Rate settings are the core configuration of the NewAPI billing system, allowing flexible control over billing standards for different models and user groups through various rate multipliers.

Rate System Overview¶

NewAPI uses a three-tier rate system to calculate user quota consumption:

Model Rate (ModelRatio) - Defines the base billing multiplier for different AI models
Completion Rate (CompletionRatio) - Additional billing adjustment for output tokens
Group Rate (GroupRatio) - Differential billing multipliers for different user groups

Relationship Between Quota and Rates¶

In the New API system, rates are key parameters for calculating quota consumption.

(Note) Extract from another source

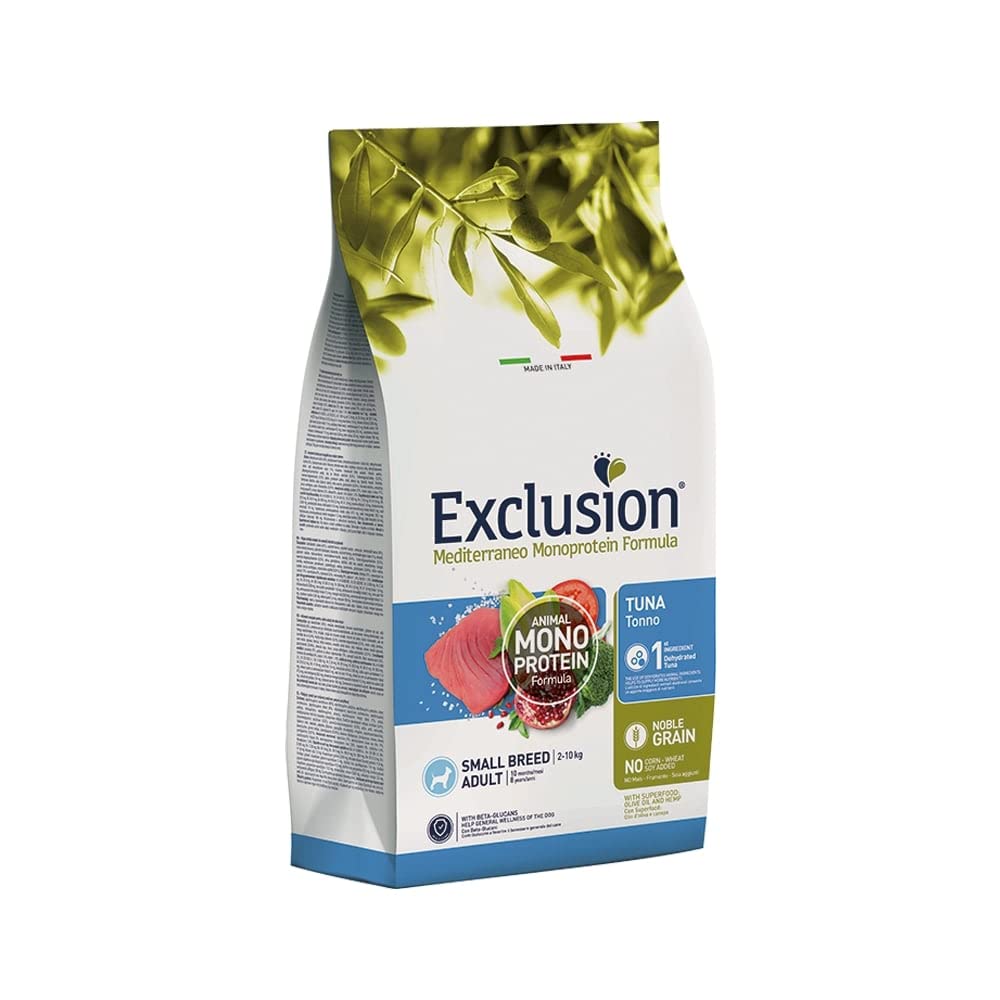 Preserved with natural antioxidants. Exclusion mediterrano monoprotein noble grain adult small tuna kibble is a complete and balanced food formulated with a single dehydrated animal protein source and only high-quality cereals.Préservé avec des antioxydants naturels. Les croquettes Exclusion mediterrano monoprotein noble grain adult small thon sont un aliment complet et équilibré formulé avec une seule source protéinée animale déshydratée et seulement une céréale de haute qualité.

Quota is the internal billing unit of the system, and all API calls are ultimately converted to quota points for deduction.

Quota Unit Conversion:

1 USD = 500,000 quota points
Quota points are the basic unit for internal system billing
User balances and consumption records are based on quota points

Quota Calculation Formulas¶

Pay-per-use Models (Based on Token Consumption)¶

Quota Consumption = (Input Tokens + Output Tokens × Completion Rate) × Model Rate × Group Rate

Pay-per-request Models (Fixed Price)¶

Quota Consumption = Model Fixed Price × Group Rate × Quota Unit (500,000)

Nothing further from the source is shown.